WORK REQUEST:
Everything from the line with "ウールリネン素材を使用した、シンプルでなステンカラーコートです。ゆっ" through the last line of the data below should be copied exactly, apart from the pictures.

SUPPLIED DATA:
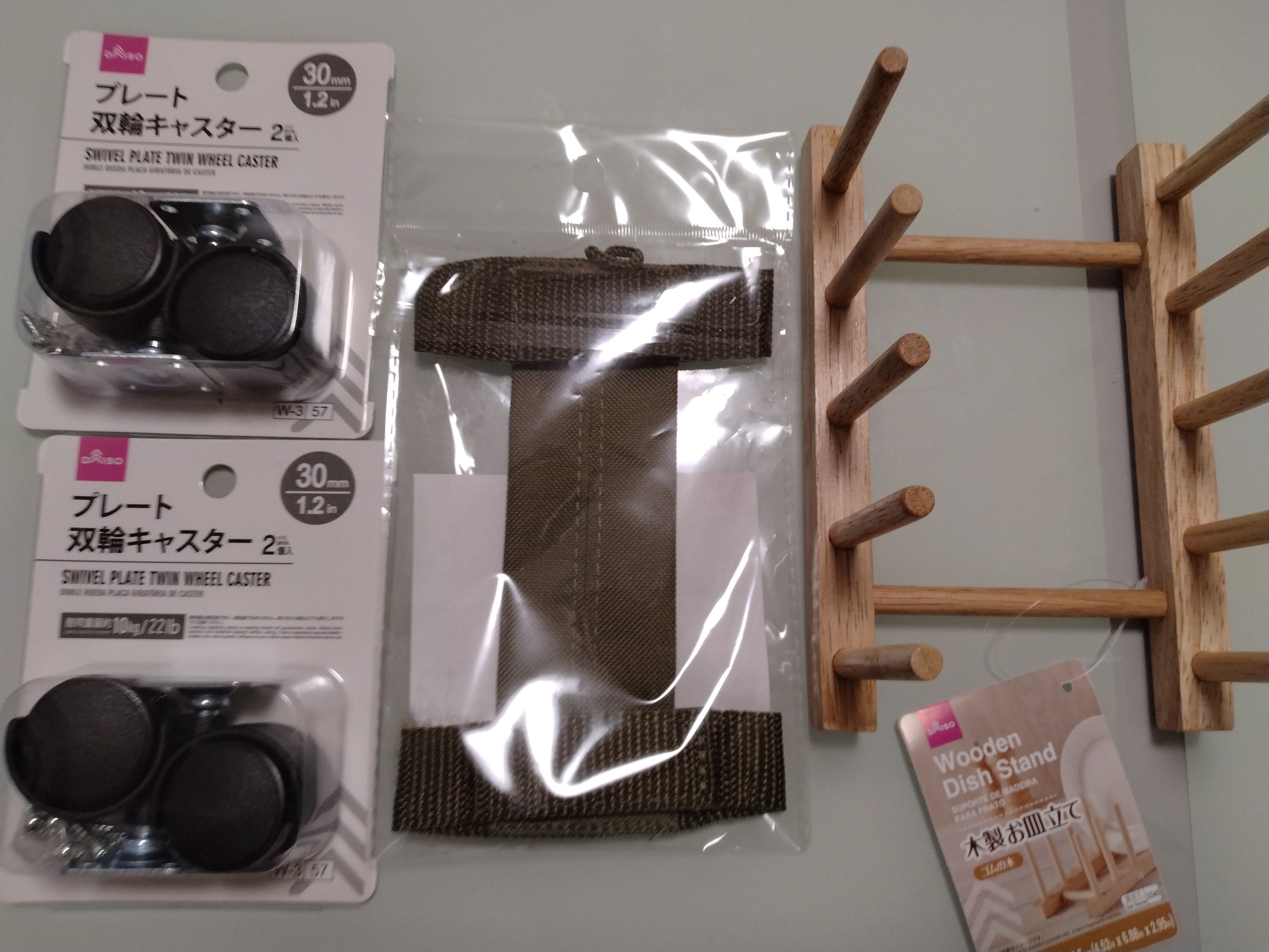 …真ん中のドリンクフォルダーは使いませんでした(笑)はい、全てダイソーで揃います。
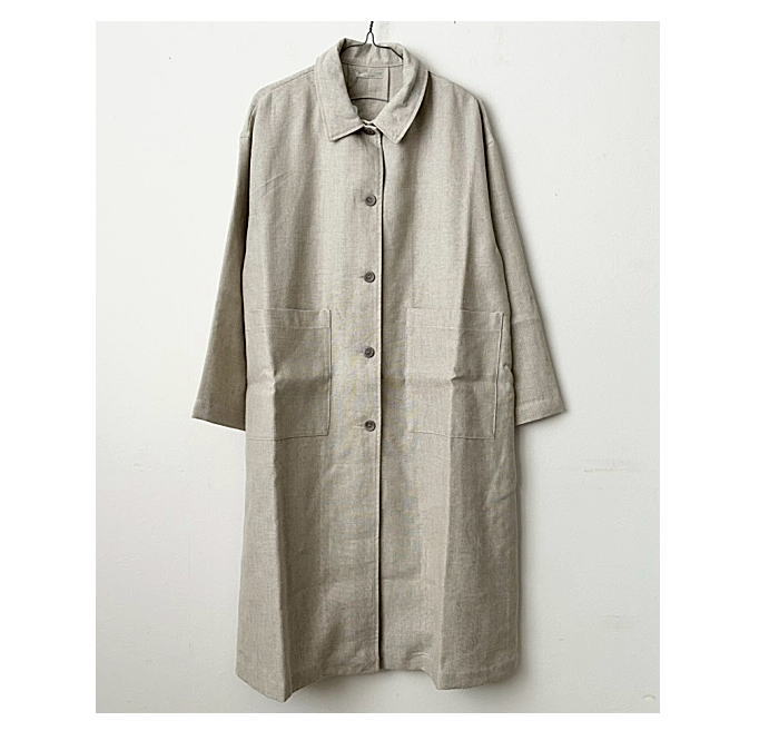 ウールリネン素材を使用した、シンプルでなステンカラーコートです。ゆっ
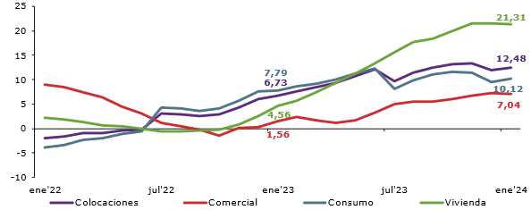 La cartera de consumo, que en enero concentró el 71,16% del total, explicó mayormente la trayectoria de las colocaciones, registrando un incremento de 10,12% en 12 meses. La cartera comercial en tanto se expandió un 7,04% y la cartera de vivienda creció un 21,31%, ambas en 12 meses.

OUTPUT:
 ウールリネン素材を使用した、シンプルでなステンカラーコートです。ゆっ
 La cartera de consumo, que en enero concentró el 71,16% del total, explicó mayormente la trayectoria de las colocaciones, registrando un incremento de 10,12% en 12 meses. La cartera comercial en tanto se expandió un 7,04% y la cartera de vivienda creció un 21,31%, ambas en 12 meses.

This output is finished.